As correctly observed by the Court of Appeals, there is no novation, whether express or
implied. There is no express novation since the undertaking executed on October 2, 1980
does not state in clear terms that the promissory note and chattel mortgage executed by
Gueson is extinguished and in lieu thereof the undertaking will be substituted. Neither is
there an implied novation since the promissory note and chattel mortgage are not
incompatible with the undertaking.
Neither is there substitution of debtors. Petitioner Caneda in executing the undertaking
assuming the liability with FNCB, merely confirmed that he is the real or principal debtor
while Gueson in signing the promissory note and the chattel mortgage accommodated
Caneda in his obligation with FNCB. Otherwise stated, he became a surety. Thus, this
Court has ruled, that a person who has signed the instrument as maker, drawer, acceptor,
or indorser, without receiving value therefor, and for the purpose of lending his name to
some other person is liable on the instrument to a holder for value, notwithstanding the
fact that such holder at the time of taking the instrument knew him to be only an
accommodation party. Nonetheless, after paying the holder, such accommodation party
has the right to obtain reimbursement from the party accommodated, since the relation
between them is in effect that of principal and surety, the accommodation party being the
surety (People v. Maniego, 148 SCRA 31 [1987]).
Likewise, it is no defense to state on the part of either Gueson or Caneda that they did not
receive any value for the promissory note executed, both claiming to be only an
accommodation party. As held by this Court, a third person advances the face value of the
note to the accommodated party at the time of the creation of the note, the consideration
for the note as regards its maker is the money advanced to the accommodated party, and
it cannot be said that the note is lacking in consideration as to the accommodating party
just because he himself received none of the money. It is enough that value was given for
the note at the time of its creation (Acuna v. Veloso and Xavier, 50 Phil. 241-242 [1927]).

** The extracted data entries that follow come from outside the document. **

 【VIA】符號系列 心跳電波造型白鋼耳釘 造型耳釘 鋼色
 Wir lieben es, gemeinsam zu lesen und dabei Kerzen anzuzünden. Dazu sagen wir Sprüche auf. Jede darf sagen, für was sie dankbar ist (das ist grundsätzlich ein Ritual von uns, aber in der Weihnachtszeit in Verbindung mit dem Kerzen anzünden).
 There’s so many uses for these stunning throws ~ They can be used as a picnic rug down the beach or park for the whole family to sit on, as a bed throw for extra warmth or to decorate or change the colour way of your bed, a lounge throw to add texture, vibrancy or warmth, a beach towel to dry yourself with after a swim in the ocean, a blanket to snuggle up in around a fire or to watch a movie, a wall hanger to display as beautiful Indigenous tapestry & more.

In resume, FNCB can go against both Caneda, the principal debtor and Gueson as the
surety or either of them. But the lower court erred in dismissing the claim against Gueson.

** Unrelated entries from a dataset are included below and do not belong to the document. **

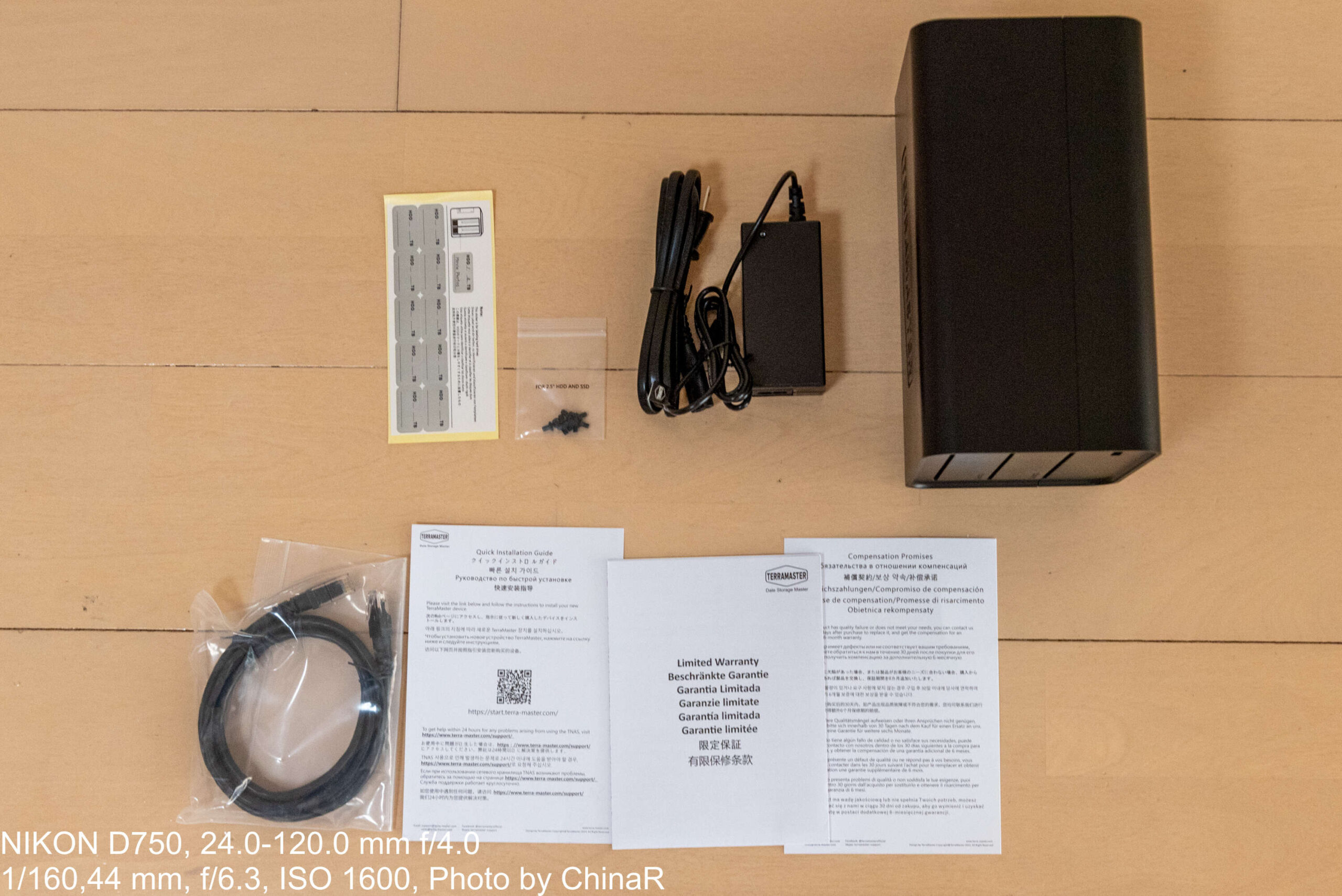 まずは本体外装から確認していきます。パッケージはクラフト地のシンプルなデザイン。TERRAMASTERのロゴが鎮座したデザインに仕上がっています。同梱品は本体の他にACアダプター、LANケーブル、保証書、クイックインストールガイド。説明書については、専用のアプリであるTNAS mobileアプリを利用して確認するようになっています。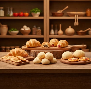 Massa fofinha, frita ou assada, com recheios generosos de calabresa, frango, presunto e queijo ou apenas queijo derretido.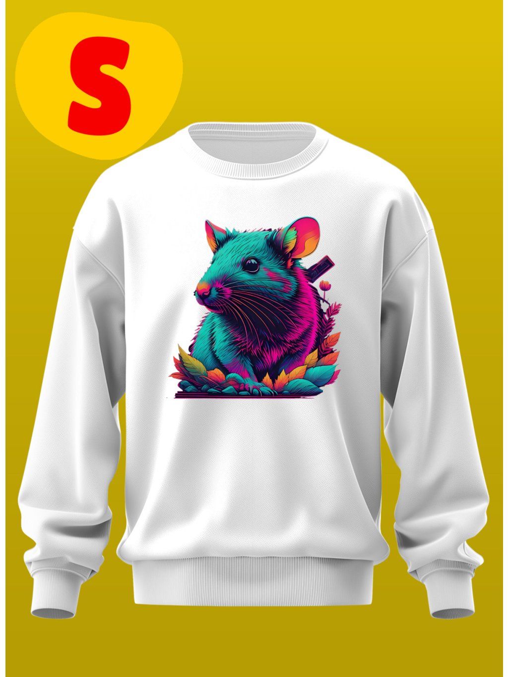 Unisex mikina bez kapuce. 50% bavlna, 50% polyester. Potisk: DTF. Barvy: Černá, bílá, fialová, růžová

FNCB did not however, appeal thereby rendering this case moot as against Gueson. It
does not however, follow that FNCB cannot recover the full amount from Caneda being
the accommodated party. By not appealing the decision of the lower court, FNCB merely
opted to recover its credit from Caneda and waived its right to recover from Gueson.

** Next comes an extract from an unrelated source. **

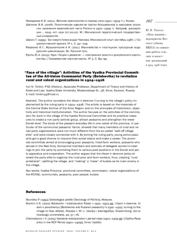 Несмотря на то что изучению политики коммунистической партии и государства по отношению к крестьянству в годы НЭПа посвяще - но большое количество научных работ, тема продолжает вызывать устойчивый интерес российских исследователей, что обусловлено, помимо прочего, множеством региональных особенностей в развитии нэповской деревни. Наша работа относится к истории Вятской губернии и охватывает лишь период 1924–1926 годов, когда политика по отношению к крестьянству осуществлялась под лозунгом «лицом к деревне».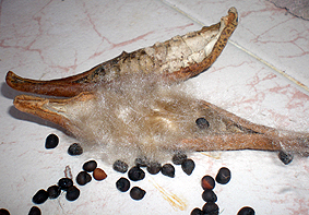 This is why when a Ceiba has blossomed and produced fruits and seeds, it can be detected from far away. When the time comes, it looks as if it had snowed all around because the “cotton” of the seeds covers everything. Inside that “wool” are seeds that are tiny, round, dark brown and hard.

In like manner, the disputed phrase "with recourse to Buenaventura Gueson in case of
default" is immaterial insofar as the liability of Caneda is concerned. If at all, said phrase
merely confirms the fact that Gueson is merely an accommodation party and will not
absolve Caneda, the principal debtor, from payment of the indebtedness with FNCB.
After a careful study of the records, no plausible reason can be found to disturb the
findings and conclusions of the Court of Appeals.

PREMISES CONSIDERED, the appeal of petitioner is hereby ALLOWED, but considering


this case on the merits, the assailed decision of the Court of Appeals of November 28,
1986 making Caneda, Jr. liable to FNCB, is hereby AFFIRMED.
SO ORDERED.
Melencio-Herrera, Padilla, Sarmiento and Regalado, JJ., concur.

Footnotes
* Written by Judge Bernardo V. Saludares.
** Penned by Associate Justice Bienvenido C. Ejercito and concurred in by Associate
Justices Rodolfo A. Nocon and Antonio N. Martinez.